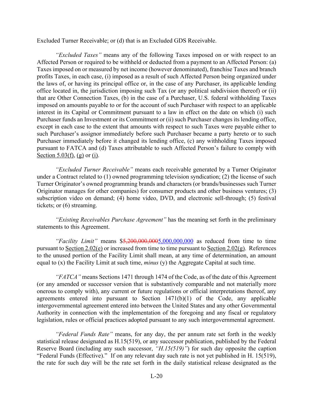 L-20不包括特纳应收账款;或(d)为不包括的GDS应收账款。“排除税项”是指对受影响人士征收或就受影响人士征收或须从向受影响人士支付的款项中扣留或扣除的下列任何税项:(a)对净收入(无论如何计价)征收或计量的税项、特许经营税和分支机构利得税,在每种情况下,(i)由于该受影响人士根据法律成立,或其主要办事处或(就任何买方而言)其适用的贷款办事处位于,征收此类税款(或其任何政治细分)或(ii)属于其他关连税的司法管辖区,(b)就买方而言,根据在(i)该买方为一项投资或其承诺提供资金或(ii)该买方更换其贷款办事处之日生效的法律,就其资本或承诺中的适用权益应付给该买方或为其账户支付的金额征收的美国联邦预扣税,除非在每种情况下,与此类税款有关的款项应在该买方成为本协议的一方之前立即支付给该买方的转让人,或在该买方更换其贷款办事处之前立即支付给该买方,(c)根据FATCA征收的任何预扣税,以及(d)由于该受影响的人未能遵守第5.03(f)、(g)或(i)节而应缴纳的税款。“Excluded Turner Receivable”是指Turner Originator根据与(1)自有节目电视联合组织相关的合同产生的每笔应收款;(2)此类Turner Originator自有节目品牌和角色(或Turner Originator为其他公司管理的品牌/业务)的许可,用于消费产品和其他商业企业;(3)订阅视频点播;(4)家庭视频、DVD和电子销售;(5)节日门票;或(6)流媒体。“现有应收账款购买协议”具有本协议初步声明中规定的含义。“融资限额”是指根据第2.02(e)节不时减少或根据第2.02(g)节不时增加的5,200,000,0005,000,000,000,000,000,000,000,000,000,000,000,000,000,000,000,000,000,000,000,000,000,000,000,000,000,000,000,000,000,000,000,000,000,000,000,000,000,000,000,000,000对融资限额未使用部分的提及,在确定的任何时候,应指等于(x)当时融资限额减去(y)当时总资本的金额。“FATCA”是指《守则》第1471至1474条,截至本协议之日(或任何实质上具有可比性且遵守起来并无实质性更繁重的修订或后续版本),任何现行或未来的法规或其官方解释,根据《守则》第1471(b)(1)条订立的任何协议,美国与任何其他政府当局就实施上述规定订立的任何适用的政府间协议,以及根据任何此类政府间协议通过的任何财政或监管立法、规则或官方做法。“联邦基金利率”是指,在任何一天,由美国联邦储备委员会(Fed Reserve Board)(包括任何此类继任者,“H.15(519)”)发布的指定为H.15(519)的每周统计发布中规定的年利率,该日期与标题“联邦基金(有效)”相对。如在任何有关日期该等费率尚未在H.15(519)中公布,则该日期的费率将为每日统计发布中规定的费率,指定为
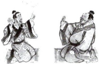 【示例】左边的人物是"杞人",右边的人物是"晓之者"。左边的人左手指天,肢体动作紧张,看上去正"忧天地崩坠,身亡所寄",所以是"杞人";右边的人做出摆手的样子,可见他否认杞人的说法,正在开导他,所以是"晓之者"。
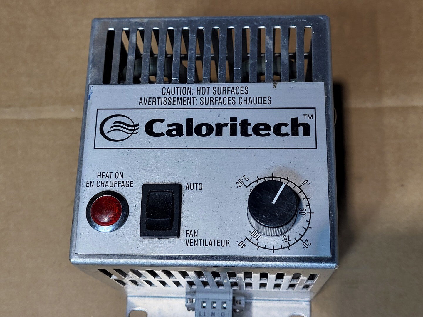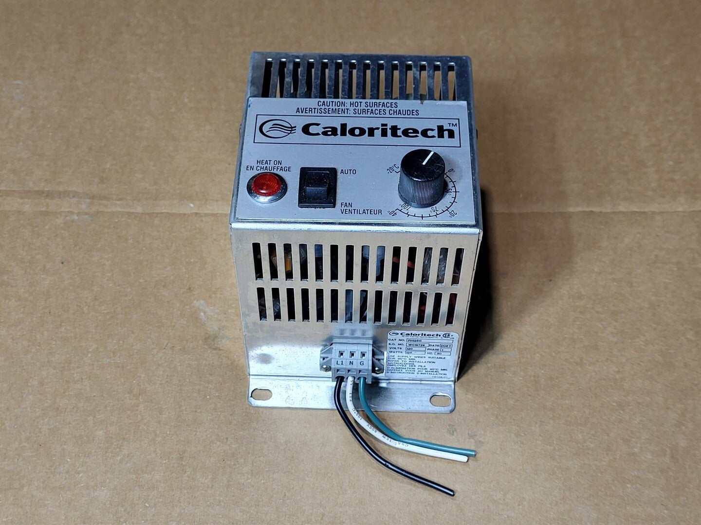 Voltage: 120 V AC Phase: Single Phase Power Rating: 125 Watts Frequency: 60 Hz Thermostat Control: Adjustable Mounting Type: Panel or Surface Mount Indicator Light: Heat On (Red) Switch: Auto/Fan Selector Temperature Range: Factory adjustable for enclosure heating applications Housing Material: Metal (vented design) Operating Environment: Indoor, Enclosure Heating |
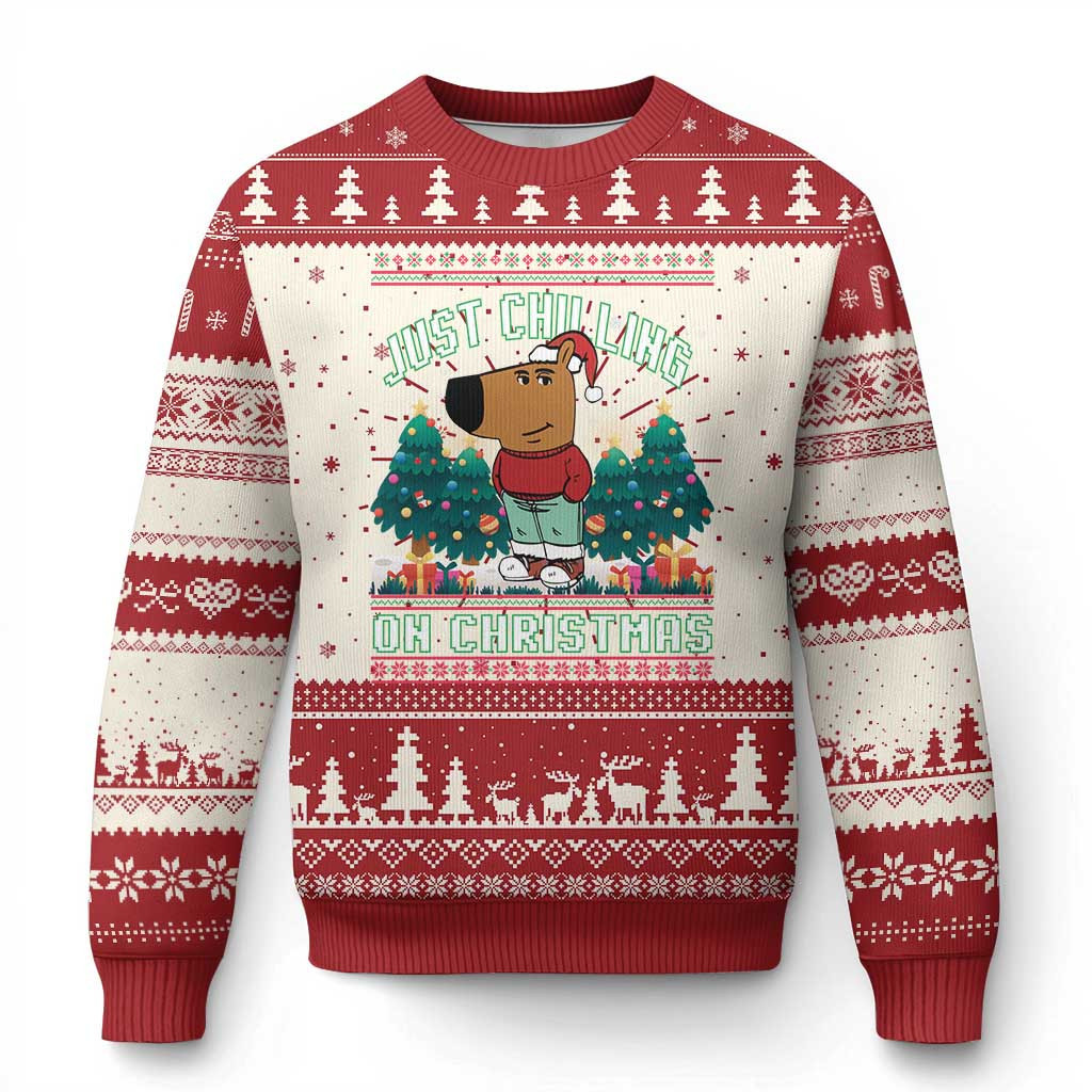 Rushgleam Dog Just Chilling On Christmas Ugly Sweater Chillin Guy Viral Meme Sweater Xmas Dog Gifts
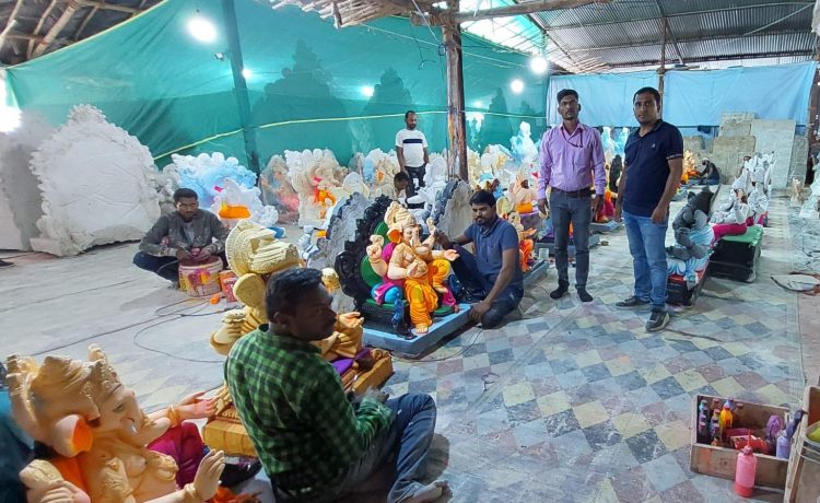 आकर्षक गणेशमूर्ती व रंगकामास वेग ; ६ इंचापासून १४ फुटापर्यंत पसंतीच्या मूर्ती उपलब्
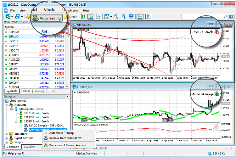 Para iniciar um Expert Advisor, anexe-o a um gráfico. A maneira mais fácil é clicar duas vezes em um Expert Advisor na janela Navigator ou arrastá-lo e soltá-lo em um gráfico.
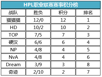 竞技奇迹!HPL职业联赛第六周:猫猫猫大胜HD,逆天12连胜!
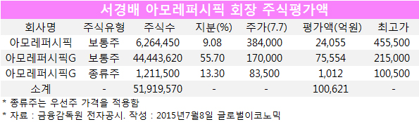 서 회장이 갖고 있는 주식 수에 7일의 종가를 곱하면 서 회장의 보유주식 평가액이 산정된다. 그 결과 아모레퍼시픽 보통주 2조4055억원, 아모레퍼시픽그룹 보통주 7조5554억원, 아모레퍼시픽그룹 종류주 1012억원 등 총 10조621억원으로 나타났다.
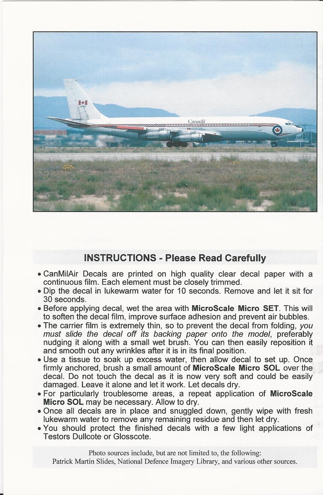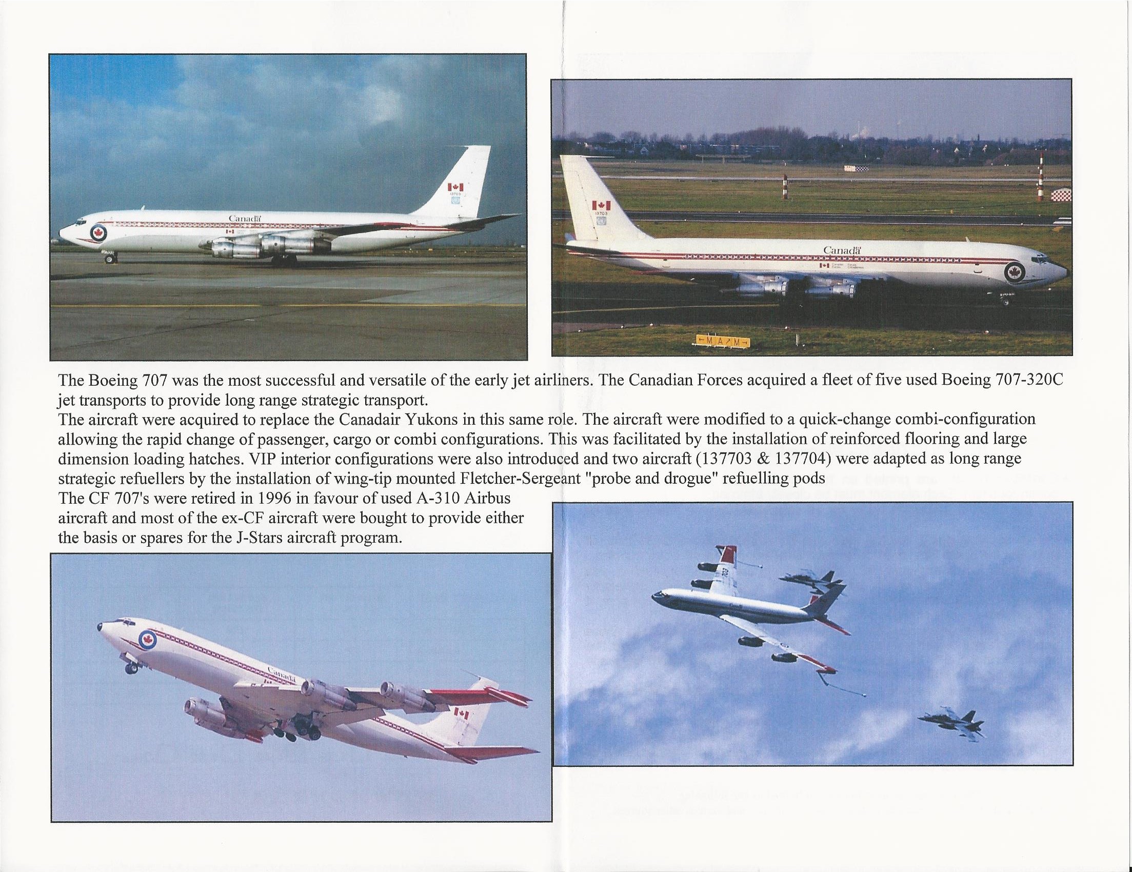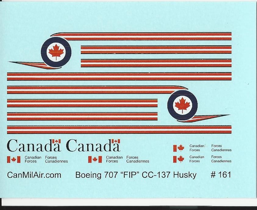 This sheet includes the basic markings for Boeing 707's in Canadian Service while it wore the FIP scheme. It has all the fuselage stripe, upper fuselage titles and the Canadian Forces title block in two formats.

_ _ _

REQUIRED ACTION
In your output, repeat the listing above exactly and include none of the pictures.

ANSWER FOR THE TASK
 L-20不包括特纳应收账款;或(d)为不包括的GDS应收账款。“排除税项”是指对受影响人士征收或就受影响人士征收或须从向受影响人士支付的款项中扣留或扣除的下列任何税项:(a)对净收入(无论如何计价)征收或计量的税项、特许经营税和分支机构利得税,在每种情况下,(i)由于该受影响人士根据法律成立,或其主要办事处或(就任何买方而言)其适用的贷款办事处位于,征收此类税款(或其任何政治细分)或(ii)属于其他关连税的司法管辖区,(b)就买方而言,根据在(i)该买方为一项投资或其承诺提供资金或(ii)该买方更换其贷款办事处之日生效的法律,就其资本或承诺中的适用权益应付给该买方或为其账户支付的金额征收的美国联邦预扣税,除非在每种情况下,与此类税款有关的款项应在该买方成为本协议的一方之前立即支付给该买方的转让人,或在该买方更换其贷款办事处之前立即支付给该买方,(c)根据FATCA征收的任何预扣税,以及(d)由于该受影响的人未能遵守第5.03(f)、(g)或(i)节而应缴纳的税款。“Excluded Turner Receivable”是指Turner Originator根据与(1)自有节目电视联合组织相关的合同产生的每笔应收款;(2)此类Turner Originator自有节目品牌和角色(或Turner Originator为其他公司管理的品牌/业务)的许可,用于消费产品和其他商业企业;(3)订阅视频点播;(4)家庭视频、DVD和电子销售;(5)节日门票;或(6)流媒体。“现有应收账款购买协议”具有本协议初步声明中规定的含义。“融资限额”是指根据第2.02(e)节不时减少或根据第2.02(g)节不时增加的5,200,000,0005,000,000,000,000,000,000,000,000,000,000,000,000,000,000,000,000,000,000,000,000,000,000,000,000,000,000,000,000,000,000,000,000,000,000,000,000,000,000,000,000,000对融资限额未使用部分的提及,在确定的任何时候,应指等于(x)当时融资限额减去(y)当时总资本的金额。“FATCA”是指《守则》第1471至1474条,截至本协议之日(或任何实质上具有可比性且遵守起来并无实质性更繁重的修订或后续版本),任何现行或未来的法规或其官方解释,根据《守则》第1471(b)(1)条订立的任何协议,美国与任何其他政府当局就实施上述规定订立的任何适用的政府间协议,以及根据任何此类政府间协议通过的任何财政或监管立法、规则或官方做法。“联邦基金利率”是指,在任何一天,由美国联邦储备委员会(Fed Reserve Board)(包括任何此类继任者,“H.15(519)”)发布的指定为H.15(519)的每周统计发布中规定的年利率,该日期与标题“联邦基金(有效)”相对。如在任何有关日期该等费率尚未在H.15(519)中公布,则该日期的费率将为每日统计发布中规定的费率,指定为
 【示例】左边的人物是"杞人",右边的人物是"晓之者"。左边的人左手指天,肢体动作紧张,看上去正"忧天地崩坠,身亡所寄",所以是"杞人";右边的人做出摆手的样子,可见他否认杞人的说法,正在开导他,所以是"晓之者"。
 Voltage: 120 V AC Phase: Single Phase Power Rating: 125 Watts Frequency: 60 Hz Thermostat Control: Adjustable Mounting Type: Panel or Surface Mount Indicator Light: Heat On (Red) Switch: Auto/Fan Selector Temperature Range: Factory adjustable for enclosure heating applications Housing Material: Metal (vented design) Operating Environment: Indoor, Enclosure Heating |
 Rushgleam Dog Just Chilling On Christmas Ugly Sweater Chillin Guy Viral Meme Sweater Xmas Dog Gifts
 आकर्षक गणेशमूर्ती व रंगकामास वेग ; ६ इंचापासून १४ फुटापर्यंत पसंतीच्या मूर्ती उपलब्
 Para iniciar um Expert Advisor, anexe-o a um gráfico. A maneira mais fácil é clicar duas vezes em um Expert Advisor na janela Navigator ou arrastá-lo e soltá-lo em um gráfico.
 竞技奇迹!HPL职业联赛第六周:猫猫猫大胜HD,逆天12连胜!
 서 회장이 갖고 있는 주식 수에 7일의 종가를 곱하면 서 회장의 보유주식 평가액이 산정된다. 그 결과 아모레퍼시픽 보통주 2조4055억원, 아모레퍼시픽그룹 보통주 7조5554억원, 아모레퍼시픽그룹 종류주 1012억원 등 총 10조621억원으로 나타났다.
 This sheet includes the basic markings for Boeing 707's in Canadian Service while it wore the FIP scheme. It has all the fuselage stripe, upper fuselage titles and the Canadian Forces title block in two formats.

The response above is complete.